4- Normal interactive shells ran better than login shells .. this applies to bash, csh, zsh and ash .. but the normal shells were not 100% normal , just about 60% ..
= These were enough I think to feel how serious it was ...
2nd section: Steps I've done in detail:
I cannot remember everything as I've worked continuously for 3 following days but I'm writing all what I can remember, insha'Allah ..
Note: when I say "this attempt failed", it means "the problem didn't get fixed after doing the attempt" not that "I couldn't do the attempt itself"
=I've checked all the logs too many times while working ..
1- I cannot remember why I logged in there but that's what happened.. I logged in and noticed many suspicious things, the commands didn't run as supposed and some other symptoms, so I downloaded the latest version of clamav , updated its virus database with "freshclam" command then started scan ... at 1st scanned the home directories , then the main system directories "/usr/ , /bin/ , /sbin, ... etc" and then did a full system scan ... the only important results found was a weak php.shell script which, practically, cannot cause the noticed harm to the system even if could be used successfully by an attacker ...
2- I've downloaded rkhunter and chkrootkit tools and did a scan to catch rootkits if any ... they gave negative results .... "no bad files found"
3- I've tried to run "bash" and many other shells from the command prompt but my attempts failed ...
4- Then ran the command "exec bash" ... the "exec" command replaces the current shell with command executed by it, giving it the same process ID and inheriting some info from the memory containing "environment variables" and so ... I was kicked off the session as soon as I ran the command ... the command was supposed to run a new "normal interactive shell" not a login shell as the currently running one .. the normal shell doesn't read settings from "profile*" but only from "bashrc" ...
5- I've then compared the installed packages on this server with another server of the same configuration ... both have the same system version, both are 64bit edition and basic packages versions were the same ... I thought that maybe a hacker could hack into the system and change too many binary files and change the shell settings, while he didn't wish to stop any services or causing serious corruption so as to make use of the system as long as possible without being noticed ... so I've token a backup of /bin, /sbin, /usr/bin, /usr/sbin and shell settings files, including personal and system wide, on both servers then overwrote the files in this server with those from the other twin server .. this attempts failed too ...
I've even compared the "shell's local and environment variables" with other servers one by one but got a negative results ...
6- I then thought, OK OK, lets suppose that there is more wide corruption in the base packages .. why not forcibly install these packages ?!! .. then downloaded "bash, procps , coreutils and even rpm itself" RPMs , of course the same version as installed and same architecture , and forcibly installed them ... this attempt failed too..

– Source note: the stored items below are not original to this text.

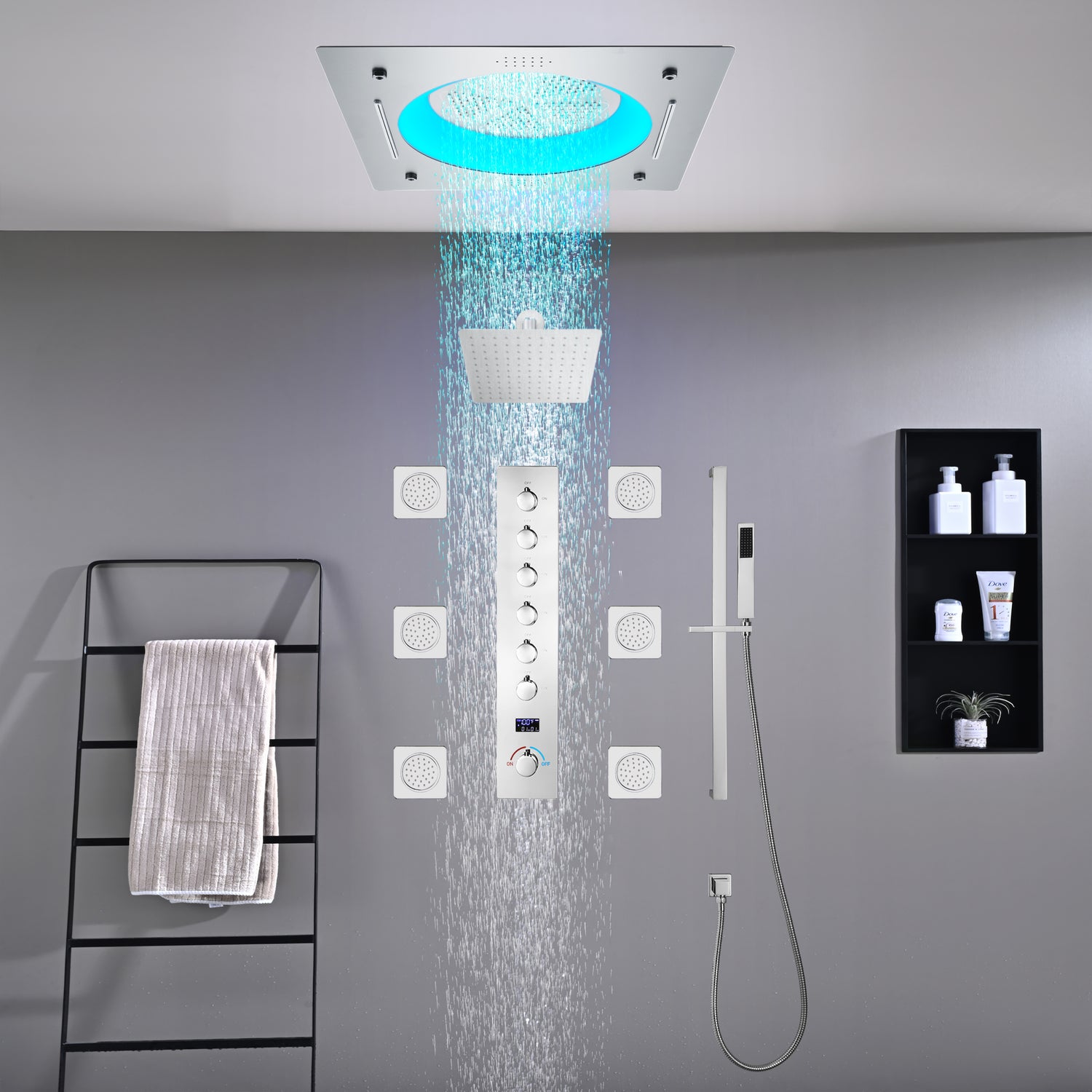 ORCHID|22"COMPLETE SHOWER SYSTEM CEILING MOUNT SHOWERHEAD WITH 6 BODY JETS AND WALL MOUNTED SHOWERHEAD
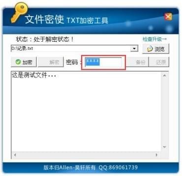 2.解密:拖入文本文件或点击“浏览”按键打开文本文件。输入密码按“回车键”或点击“解密”按钮即可解密并打开解密后的文件。
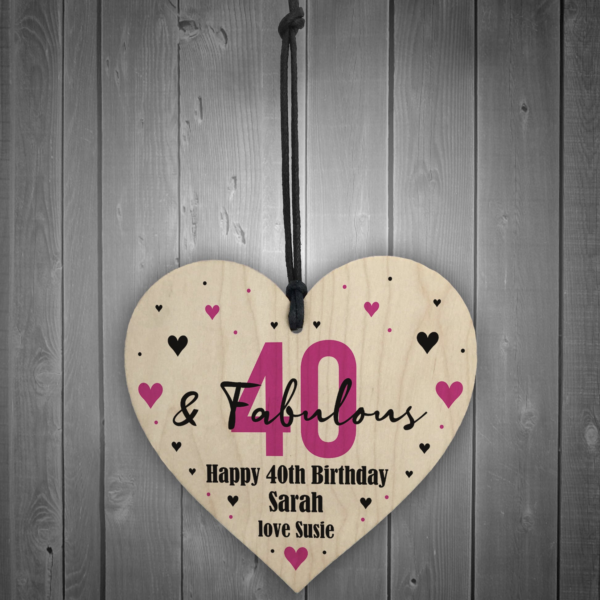40 And Fabulous Gift Wood Heart Personalised 40th Birthday Gift

7- Then I thought that maybe the applications couldn't deal with the hardware or the "/proc" fine for any reason ... so umounted and re-mounted the /proc and restarted the haldaemon service ... this attempt failed too ...

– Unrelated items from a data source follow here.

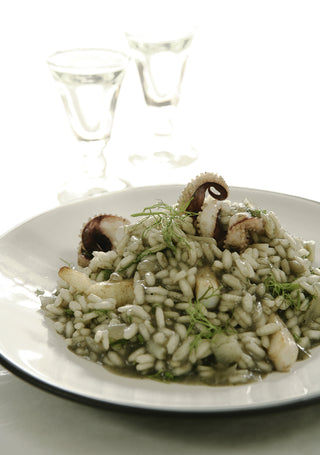 Ριζότο με μελάνι σουπιάς και λικέρ μαστίχας
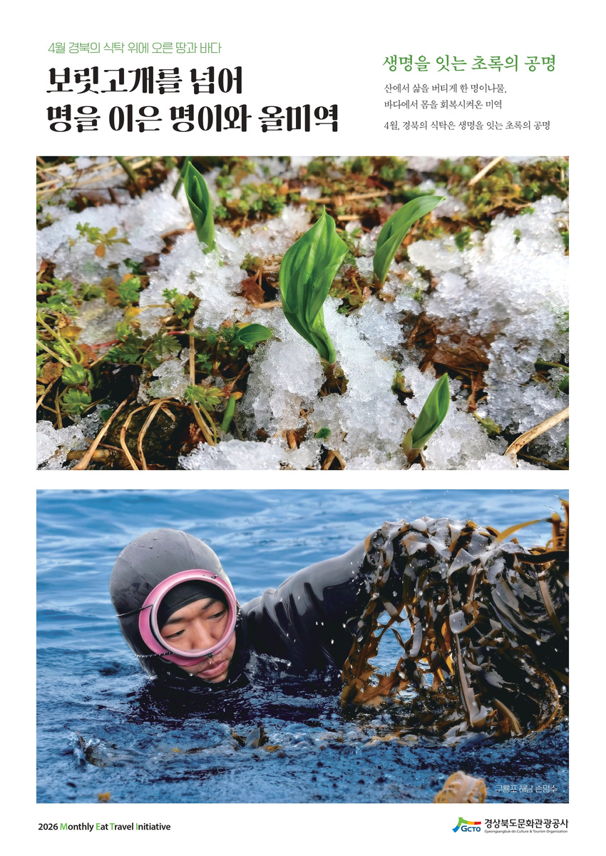 경북문화관광공사(사장 김남일, 이하 공사)는 4월 ‘경북 미식여행 METI(Monthly Eating Travel Initiative)’ 테마로 보릿고개 시기부터 생명을 이어온 제철 식재료인 명이나물과 올미역을 소개하는 미식 콘텐츠를 선보였다고 밝혔다.
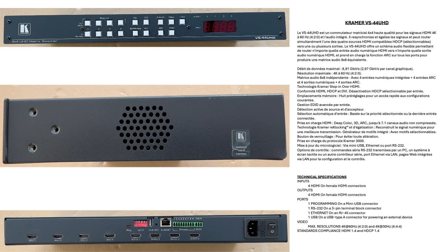 Le VS-44UHD est un commutateur matriciel 4×4 haute qualité pour les signaux HDMI 4K à 60 Hz (4:2:0) et l’audio intégré. Il resynchronise et égalise les signaux et peut router simultanément quatre sources HDMI compatibles HDCP (sélectionnables) vers une ou plusieurs sorties.
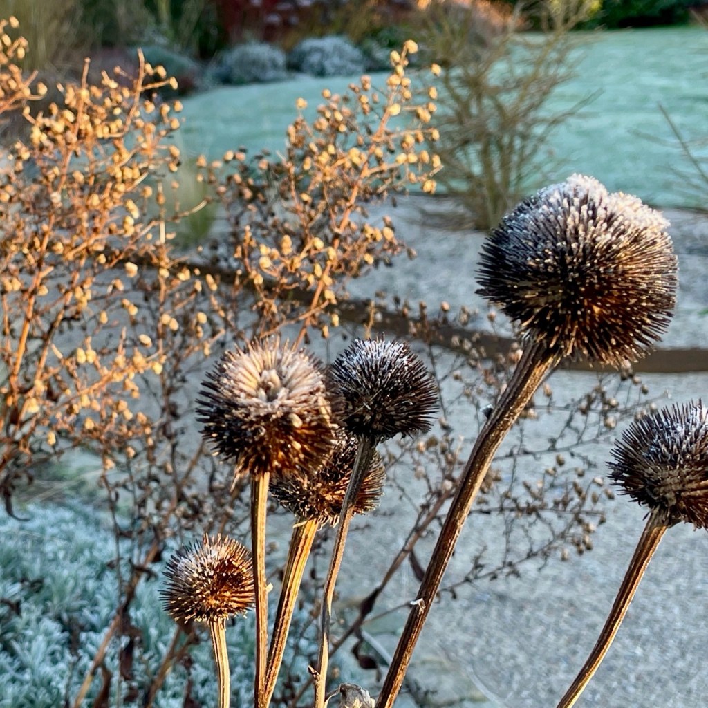 Die einfachsten Gestaltungen sind oft die schönsten. Bremst Euch als Gartenbesitzer im Aufräumen vorm Winter! Es tut Eurem Rücken gut und bietet sowohl Nist-, Schutz- und Überwinterungsplätze für Insekten, die im Winter bei uns bleiben (z. B. das Tagpfauenauge) oder ihre Nachkommen winterfest unterbringen müssen. Vögel finden in den trockenen Samenständen Futter. Schaut Euch das Foto an – wie schön sind Schnee- oder Rauhreif-bedeckte Samenstände von Echinacea und Astern!
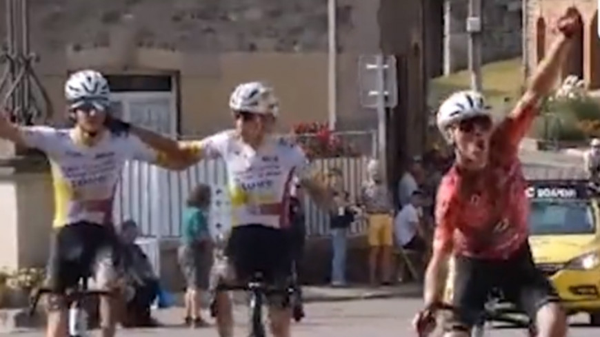 Juste avant la ligne d’arrivée de la course, un scénario improbable s’est déroulé sous le regard médusé des spectateurs. Alors que deux coureurs de l’équipe stéphanoise de l’ECSEL se tenaient par les épaules pour franchir les derniers mètres ensemble, un concurrent a dépassé le duo sur le fil ! Ce dernier, Simon Ruet, est un membre du Vélo Club Villefranche-Beaujolais, au nord de Lyon donc. Il a depuis été interviewé par plusieurs médias pour raconter son anecdote insolite et son effort.
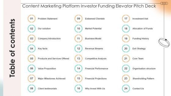 Explore a selection of the finest Table Of Contents Content Marketing Platform Investor Funding Elevator Pitch Deck here. With a plethora of professionally designed and pre-made slide templates, you can quickly and easily find the right one for your upcoming presentation. You can use our Table Of Contents Content Marketing Platform Investor Funding Elevator Pitch Deck to effectively convey your message to a wider audience. Slidegeeks has done a lot of research before preparing these presentation templates. The content can be personalized and the slides are highly editable. Grab templates today from Slidegeeks. Our Table Of Contents Content Marketing Platform Investor Funding Elevator Pitch Deck are topically designed to provide an attractive backdrop to any subject. Use them to look like a presentation pro.
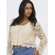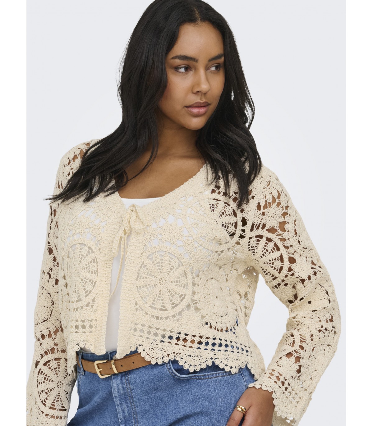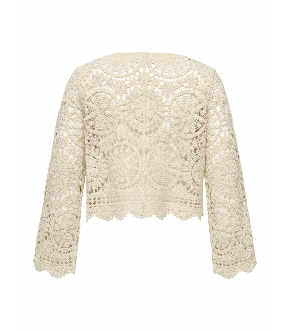Kevyt ja ilmava naisten neuletakki virkatulla kuviolla.

8- Then , OK, the system now is running for too long time ... maybe there is a limit in the kernel for the processes or threads which the system reached ... I couldn't run ps nor its children, ps -ef or ps aux, freely to see PIDs and total number of processes .. so examined the /proc and found that
/proc/sys/kernel/pid_max = 32768
and
/proc/sys/kernel/threads-max = 81920
so did some googling and found that these limits can be increased too much more in the 64bit systems ... but also these values can be memory eating if too high.... so changed them to following limits by echo ;
echo 100000 > /proc/sys/kernel/pid_max
echo 120000 > /proc/sys/kernel/threads-max
This attempt failed too ...
9- On the next day, the last day , My new raw manager talked to some people on CentOS IRC channel .. they have tried to troubleshoot a bit with us and all attempts failed then claimed that "you must update the kernel" ... I felt that this problem will surely be resolved if we just rebooted the system even if no kernel update was made ... then my manager made a plan and told me about it .. it was to make a redundant server in case we restarted this one and it failed so we can just switch IPs ... I asked him to give me some more chance and went on ...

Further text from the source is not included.